* **Task**:
In the data below, find the line containing "Elenzga New Women's" and the line containing "Zabawkowy rozkładany jacht", then reproduce them and every line between, exactly. Omit pictures.

* **Supplied material**:
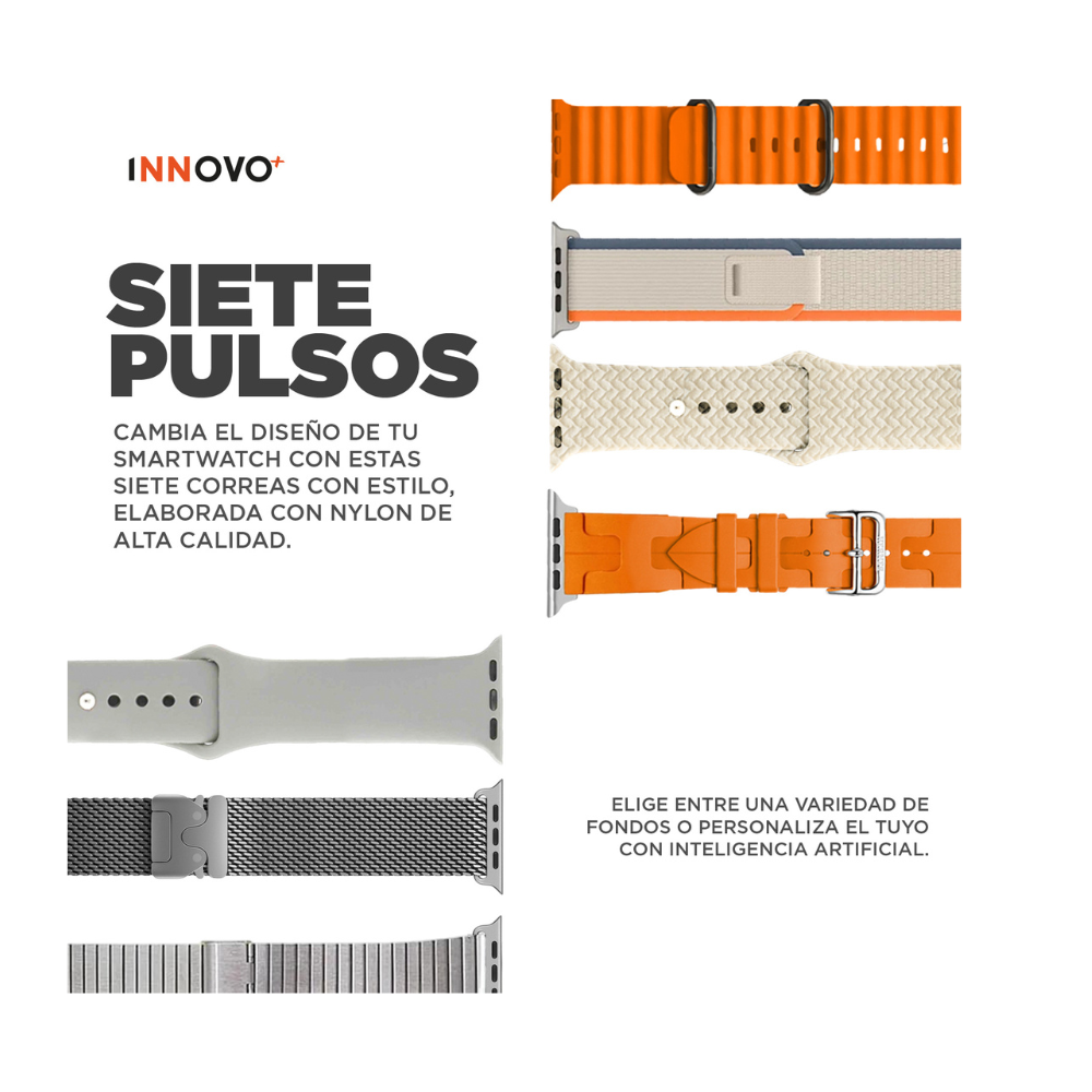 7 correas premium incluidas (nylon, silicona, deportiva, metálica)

==

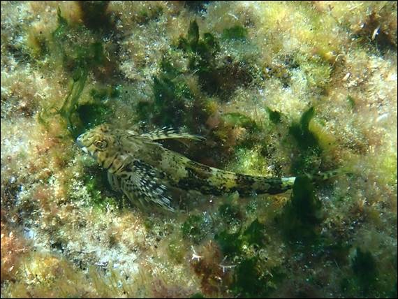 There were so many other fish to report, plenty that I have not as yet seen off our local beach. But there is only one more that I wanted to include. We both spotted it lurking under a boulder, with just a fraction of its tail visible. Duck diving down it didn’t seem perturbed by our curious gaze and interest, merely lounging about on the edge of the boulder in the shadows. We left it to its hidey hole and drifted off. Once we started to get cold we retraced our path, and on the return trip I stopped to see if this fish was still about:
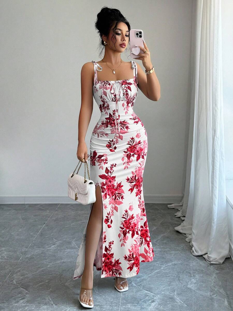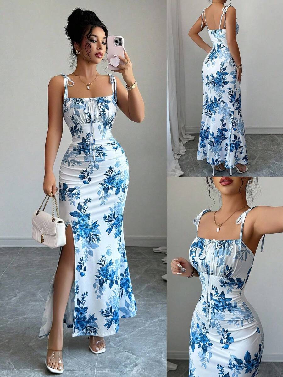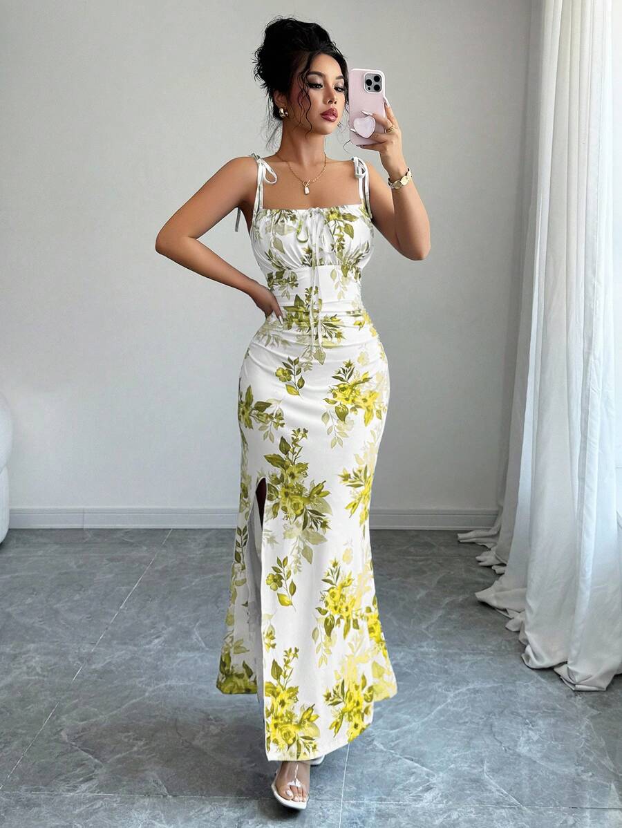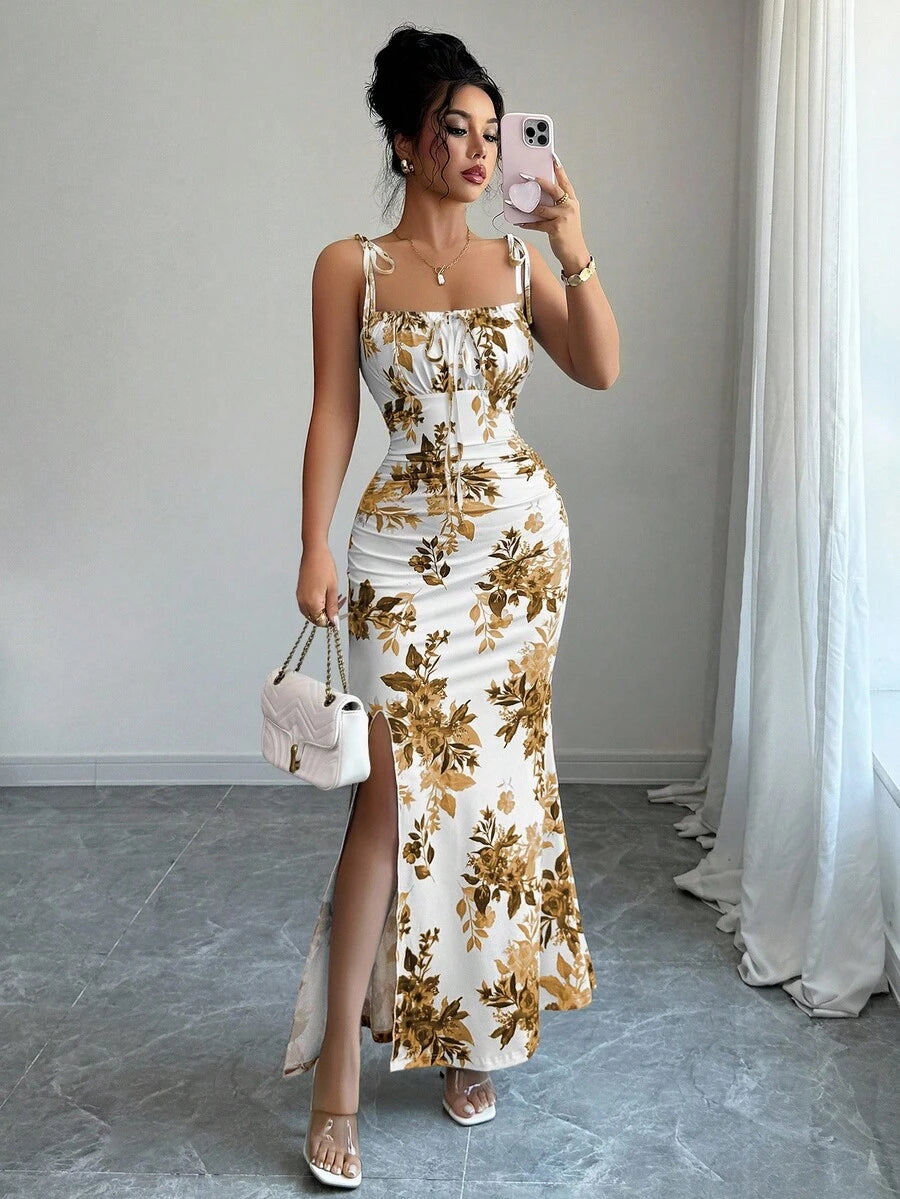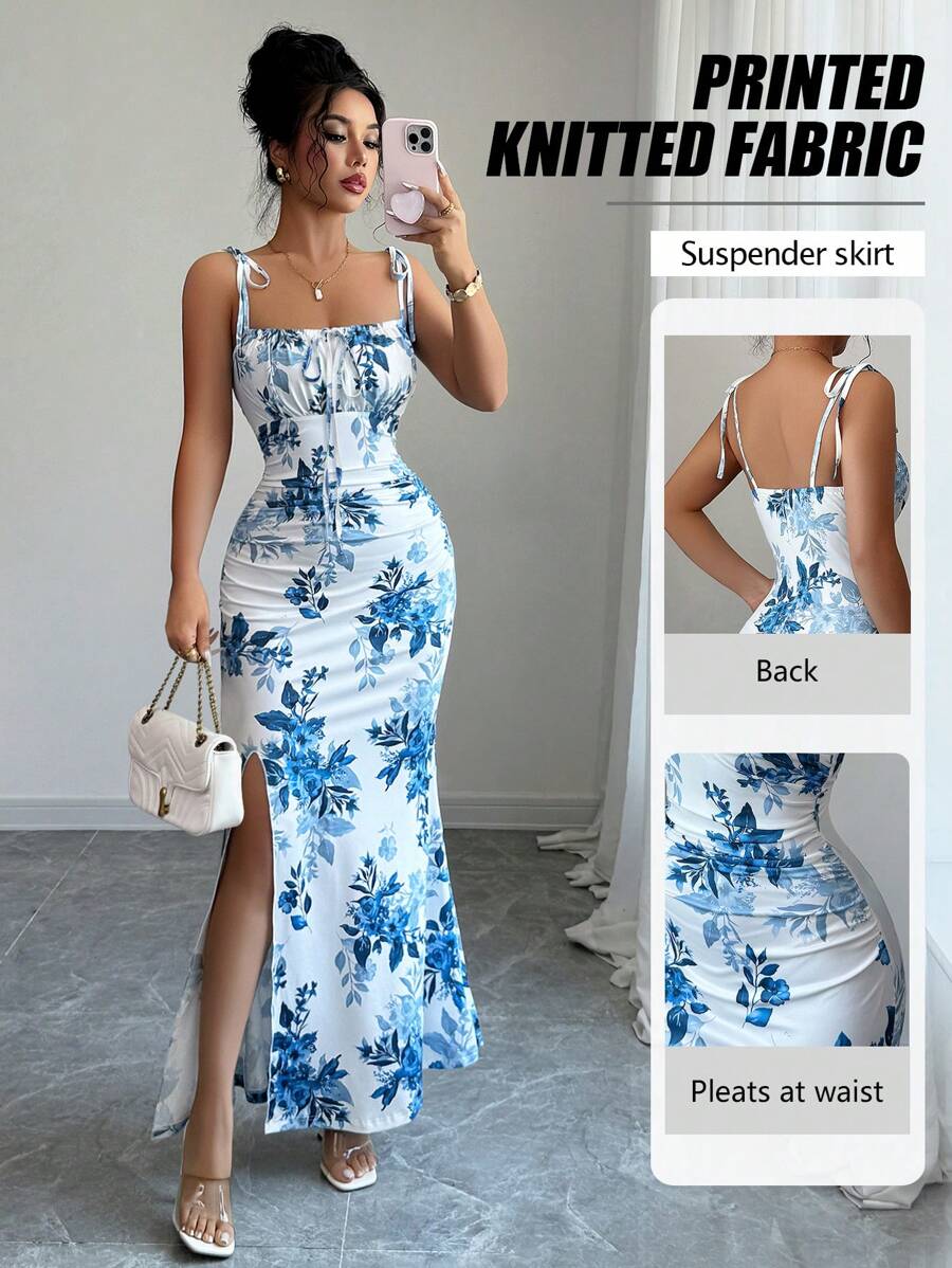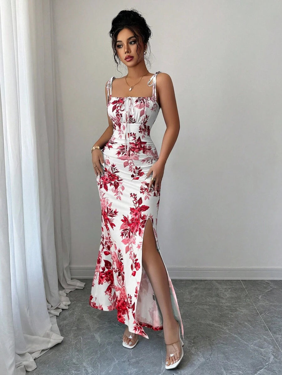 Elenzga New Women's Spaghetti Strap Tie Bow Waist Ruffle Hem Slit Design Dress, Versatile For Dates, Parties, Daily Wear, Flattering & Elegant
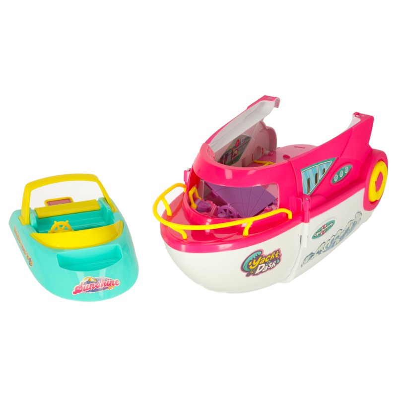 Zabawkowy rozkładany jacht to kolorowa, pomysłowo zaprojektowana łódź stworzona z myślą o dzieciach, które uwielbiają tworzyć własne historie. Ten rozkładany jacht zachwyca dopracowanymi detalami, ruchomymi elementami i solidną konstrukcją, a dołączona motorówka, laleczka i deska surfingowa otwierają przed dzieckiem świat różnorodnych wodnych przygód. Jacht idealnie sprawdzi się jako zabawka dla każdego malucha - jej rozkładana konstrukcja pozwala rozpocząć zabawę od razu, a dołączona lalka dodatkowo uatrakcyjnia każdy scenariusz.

* **Exercise output**:
 Elenzga New Women's Spaghetti Strap Tie Bow Waist Ruffle Hem Slit Design Dress, Versatile For Dates, Parties, Daily Wear, Flattering & Elegant
 Zabawkowy rozkładany jacht to kolorowa, pomysłowo zaprojektowana łódź stworzona z myślą o dzieciach, które uwielbiają tworzyć własne historie. Ten rozkładany jacht zachwyca dopracowanymi detalami, ruchomymi elementami i solidną konstrukcją, a dołączona motorówka, laleczka i deska surfingowa otwierają przed dzieckiem świat różnorodnych wodnych przygód. Jacht idealnie sprawdzi się jako zabawka dla każdego malucha - jej rozkładana konstrukcja pozwala rozpocząć zabawę od razu, a dołączona lalka dodatkowo uatrakcyjnia każdy scenariusz.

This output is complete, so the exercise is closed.